American virologist (born 1928)

Janet W. Hartley (born March 25, 1928) is an American virologist who worked at the National Institute of Allergy and Infectious Diseases (NIAID). A Washingtonian, she received degrees in bacteriology and virology research before graduating with a Ph.D. and joining the National Institutes of Health lab of Bob Huebner. Later becoming section head for the virology department, she would spend the next four decades researching a variety of viruses, discovering numerous species, and identifying new methods for quantifying viruses and the involvement of viral infection in cancer development.

==Education==
Born on March 25, 1928 in Washington, D.C., Hartley started her education in the aftermath of World War Two, joining the University of Maryland, College Park (UMD) and completing a Bachelor's degree in bacteriology in 1949. She wanted to continue her education while also conducting research, so her UMD mentors suggested she apply for a fellowship at George Washington University. Completing her Master's degree in 1951, she continued in her studies to earn a Ph.D. While working on her doctoral degree, she conducted virology research in Bob Huebner's National Institutes of Health (NIH) lab as a laboratory technician starting in 1953. She graduated with her Ph.D. in 1957.

==Career==
Remaining at the NIH for several decades, she would later become section head in NIAID for the Laboratory of Viral Diseases department. This department was later folded into the Laboratory of Immunopathology and Hartley was made chief for the viral oncology section. She ended up publishing over 200 papers through her work and particularly advanced understanding of viral diseases in mice that would be foundational for HIV research. She also was a part of the editorial board for the Journal of the National Cancer Institute. She retired in 1995, but continued as a volunteer scientist emerita at the NIH until 2009. For her final retirement from scientific work, she established the Wallace Prescott Rowe Memorial Award in 2009 to help fund future virologists from the University of Maryland.

==Research==
The earliest research Hartley was involved in for her university degrees involved finding ways to effectively isolate and quantitate the number of viruses in a sample, which resulted in her making assay detectors for tissue cultures. Her focus in Huebner's lab was research on Adenoviruses, which had recently been successfully isolated and grown in a lab, expanding understanding of the many diseases caused by the viral family. She then went on to study Cytomegaloviruses, which also formed the basis for her graduate thesis. The growing use of mice as model organisms prompted research into diseases of mice, which then led Huebner's lab alongside Wallace P. Rowe's lab to study Polyoma as the first researched tumor virus. This, in turn, created the general scientific understanding that viruses were capable of causing cancer, previously believed impossible.
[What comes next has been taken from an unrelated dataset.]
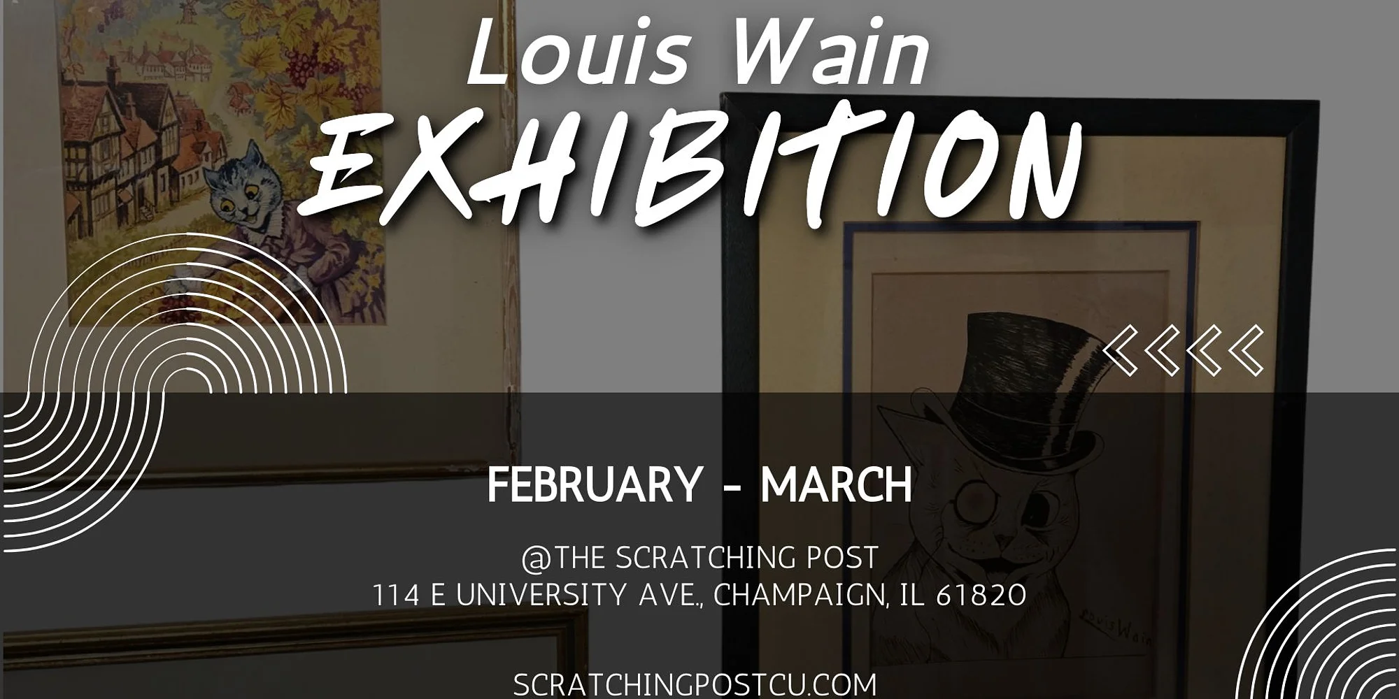 FREE Art Exhibition! Visit The Scratching Post February – March to view a collection of original drawings by the late Louis Wain. Who is Louis Wain? TLDR: Louis Wain was an English artist in the late 1800’s whose work included many drawings of anthropomorphized cats and kittens. More Info: Louis Wain was an English born artist and cat lover extraordinaire. Born August 5th 1860, his birthdate fittingly landed him under the astrological sign of “Leo” which is represented by the second largest type of cat – the Lion! He was the oldest brother to five sisters, his father was a textile trader and his mother a French embroiderer. Historians suggest that around the age of 21, Wain began drawing frequently, with country landscapes and animals being his primary subjects. At around age 23, he became married to Emily Richardson, who was the governess to one of his sisters. At their new home, the married couple enjoyed the company of a cat named Peter, who can likely be thanked for Wain’s affinity of our furry friends. Additionally, reportedly thanks to his wife’s encouragement, Wain became a published artist when The Illustrated London News purchased one of his works in 1884. Unfortunately, not long after being married, Emily became ill with cancer. It is said that Peter the cat provided much comfort for them both during this difficult time. Wain began drawing cats more frequently as a way to amuse Emily, and specifically leaned heavily into his cat illustrations as a way to cope after she eventually passed away from cancer in 1887. Over time, Wain developed a robust portfolio and his work could be found in newspapers, magazines and even children’s books. Wain was highly regarded as a prolific artist, primarily being known for his portrayal of whimsical, anthropomorphic cats doing anything from having tea parties, playing piano or even enjoying a cigar. His deep affection for cats came through with each work of art, aiding him in expertly capturing their alluring and mysterious personalities. By 1890, he was so well known for his obsession with cats that he was even elected president of the International Cat Club… Later in life, demand for Wain’s work diminished greatly, likely due to the cultural shift as World War 1 came to an end. Despite this, his creations continued on and he even expanded into animation and film. Unfortunately, in 1914, Wain suffered a head injury from falling off of an omnibus in London. Later, in 1924, his sisters had him admitted to a psychiatric hospital due to his declining mental health, possibly spurred by the aforementioned head injury. During his stays in psychiatric hospitals, Wain continued to draw and paint our beloved friend, the cat. These later works are usually marked by his use of more vibrant colors, taking on a psychedelic aesthetic. In 1931, a successful exhibition of his art took place in London, of which proceeds went to his sisters. Despite a life marked with significant moments of tragedy, Wain l...

Her years of research also included discovering new viruses, including the adenovirus that targets mice, one of the papovaviruses that affect rabbits, and a specially important finding of the cytomegalovirus in monkeys, as this allowed for the prevention of contamination from the cytomegalovirus of vaccines produced with monkeys.

==Organizations==
While at university, she was a part of the scientific honor society Sigma Xi. Hartley would also go on to become a member of the Society for Experimental Biology and Medicine, the American Society for Microbiology, and the American Association for the Advancement of Science.

==Awards and honors==
Hartley's scientific work has resulted in multiple related awards being given to her, including the Kimble Methodology Award from the American Public Health Association, the Public Health Service Distinguished Service Medal, and the NIH Director's Award. The 1969 annual awards for the Washington Academy of Sciences saw Hartley named among six for outstanding scientific achievements for her "contributions to animal virology". In 1989, she was given the DHHS Distinguished Service Award by NIH Director Anthony Fauci for her 34 years of contributions to NIAID.